Thanksgiving, I "celebrated"with a sausage and pepper sandwich - the one I hadn't been able to have at Fenway Park during the baseball season since there was no Fenway Park in 2020. 

Right before Christmas 2020, I took a masked walk with a small group of friends to see the lights on The Common, in the Public Garden, along the Commonwealth Mall. 

Other than the January insurrection - and that's a pretty big other - 2021 started with the promise that we'd soon have the vaccine.

And, sure enough, after a mad - and I do mean mad - scramble to find a shot, in late February, I got my first jab. Friends and family were getting theirs, too.

Then 2021 got pretty damned good. 

All of a sudden, you didn't need to wear a mask when you were outside. Friends and family could get together. For real. We could actually go and sit down in a restaurant. I was back to volunteering at St. Francis House, and for my friend Jake's charity, Christmas in the City. Christmas Eve and my house was - get this! - completely normal.

And then...

Here comes omicron.

The Tuesday after Christmas, I had lunch with a couple of friends, including my friend Peter who was the friend who'd had the worst bout of covid (just pre-vaccine) of anyone I'm close to. Trish was supposed to be there, but she bowed out with a cold. I brought along a covid test (which my cousin MB had brought as a hostess gift for Christmas Eve) which our friend Michele - who lives near Trish - dropped off. Negative. Yay!

I was exposed to covid the Wednesday after Christmas. I was fully masked, and the contact was with a fully masked and vaxxed/booster staff member at St. Francis. He was perfectly fine at the time.

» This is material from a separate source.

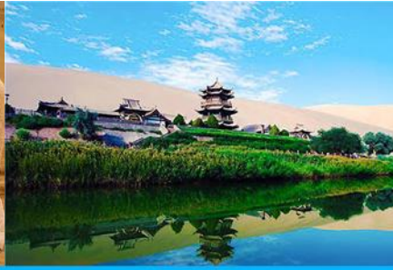
สระน้ำวงพระจันทร์

But that night he wasn't perfectly fine, and he tested positive with his home test kit.

The head of volunteers let me know on Thursday, and sent me home with a test kit and some hot chocolate mix (complete with marshmallows, candy canes, and a mug).

I isolated. No New Year's Eve at Trish's. I watched the kiddie fireworks on the Common at 7 p.m., and was in bed by 10. 

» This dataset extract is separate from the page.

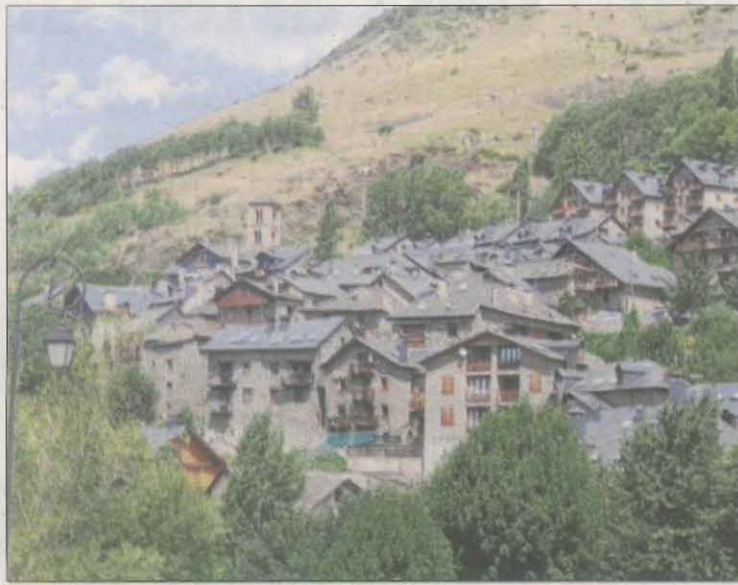
Imatge d'arxiu d'una vista de Taüll, a la Vall de Boí.
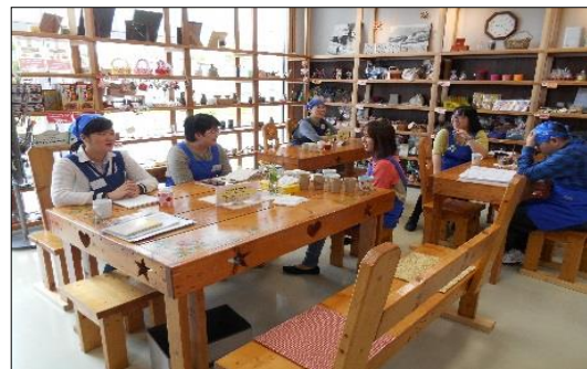
二本松市民交流センター内1階

若宮事務所では、「ボールペンの糸巻、軸検品」「縫製」「シール貼り」「箱折り」等の委託作業、さき織コースター、ストラップ等の自主製品の製造、昨年からは施設外就労として「アパート清掃」も始めました。「ボールペンの糸巻、軸検品」は、作業を始めて3年ほどになりますが、今では、メンバーがそれぞれのパーツを担当して、1日に100本ほど仕上げることができるようになりました。また、ワークショップの依頼も多く、メンバーが出かけて行き、「ボールペンの糸巻」を通して、皆さんと交流する機会も多くなりました。他にも、ボールペンの仕事に限らず、発注先から確かな仕事が認められ、それに伴って注文も増え、自信を持って作業ができるようになってきました。

On Monday, I used the home test. Negative. Just to be sure, I did it again on Wednesday. Negative. (Can I have a yay?)

More and more, we're seeing breakthrough covid. But the vaccine is holding. Most cases are mild - if they even rise to that level. Like a cold, we're hearing. The people getting sick, the people dying, are for the most part unvaxxed, unmasked. Sorry/not sorry, but I have zero fucks to give for these folks who, through their ignorance, stubborness, and selfishness, are - at this late date - prolonging the pandemic for everyone else.

Fingers crossed that the pandemic burns itself out in the next month or so. Or gets itself under control so that we can once again resume the new normal, at least at the level we enjoyed this past summer and fall. 

Like pretty much everyone else, as we enter our third covid year, I've had it with living covidly.